Today’s Oxford and Cambridge boat race will, for the first time, see women of the two universities permitted to race on the same course as the men and on the same day in front of a live television audience.

This is a step forward for gender equality and another blow to patriarchal assumptions that women are too ‘delicate’ for such sporting endeavours. As recently as 1962 the captain of Selwyn College at Cambridge wrote to the university’s women’s boat club to chastise them for perpetrating something that was “a ghastly sight, an anatomical impossibility and physiologically dangerous”.

But let’s be clear: the boat race is still profoundly elitist. We should all welcome the levelling of the playing field between men and women, but the next step is for Oxford and Cambridge – and by extension the boat race – to open themselves up more fully to those from non-privileged backgrounds.

Just one in 10 children who attend either Oxford or Cambridge are entitled to free school meals – compared with a fifth of children in Britain as a whole. A quick glance at some of the surnames which still dominate at Oxford makes the same point in a slightly different way. According to a 2013 study by the London School of Economics, a disproportionately large number of places at Oxford were taken up by people with Norman Conquest surnames such as Baskerville, Darcy, Mandeville and Montgomery.
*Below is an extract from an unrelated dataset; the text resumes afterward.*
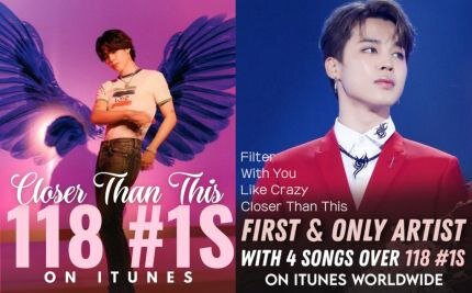 Чимин переписывает историю чартов iTunes. Песня Чимина Closer Than This заняла первое место в чарте iTunes Top Songs в Лаосе 25 марта, а затем заняла первое место в чарте iTunes Top Songs в Брунее два дня спустя, 27-го числа, заняв первое место среди 118 записанных стран. Таким образом, Чимин установил рекорд как первый и единственный артист в мире, чьи четыре песни впервые в истории iTunes заняли первое место в чарте iTunes Top Songs в более чем 118 странах и регионах. Ранее Чимин стал первым корейским сольным певцом, когда-либо достигшим первого места в главном чарте синглов Billboard «Hot 100», а «Like Crazy» и саундтрек к драме tvN «With You» заняли первое место в 119 странах. -kill, сольная песня Чимина «Filter» из 4-го полноформатного альбома BTS заняла первое место в 118 странах, а «Closer Than This» заняла первое место в 118 странах, побив его собственный рекорд. Это был прорыв. Кроме того, «Set Me Free Pt.2» был выпущен в 113 странах, совместная песня с Тэяном «Vibe» была в

This isn’t because a Norman surname is a sign of super intelligence; it’s because we live in a society where class privilege cascades down the generations like a tennis ball bouncing down a flight of stairs. More young people from the London borough of Richmond attend Oxford and Cambridge than from the entire city of Birmingham.

And so as much as today’s boat race may be a victory for gender equality, we should not ignore the class inequalities that persist at our top universities – and in society more generally – in a fit of liberal hubris. As I’ve written a number of times, equality isn’t a state of affairs that is half upper middle class women and half upper middle class men.

James Bloodworth is the editor of Left Foot Forward. Follow him on Twitter

75 Responses to “Hurrah for boat race gender equality. Now what about class?”

  1. AlanGiles

    Your sense of “victimhood” is so theatrical you are becoming a parody of yourself. You are turning this site into a joke with your posts under your real name closely followed up with a “guest” post, saying the same things but more offensively.

    The “Lord Blagger” joke has been done so many times (both by the real you and under the mysterious “Guest” non-de-plume) it has lost any sense of meaning. I only assume LFF employs you as some sort of cyber village idiot. If they wish to encourage genuine debate it’s time you were disallowed the privledge of having two identities.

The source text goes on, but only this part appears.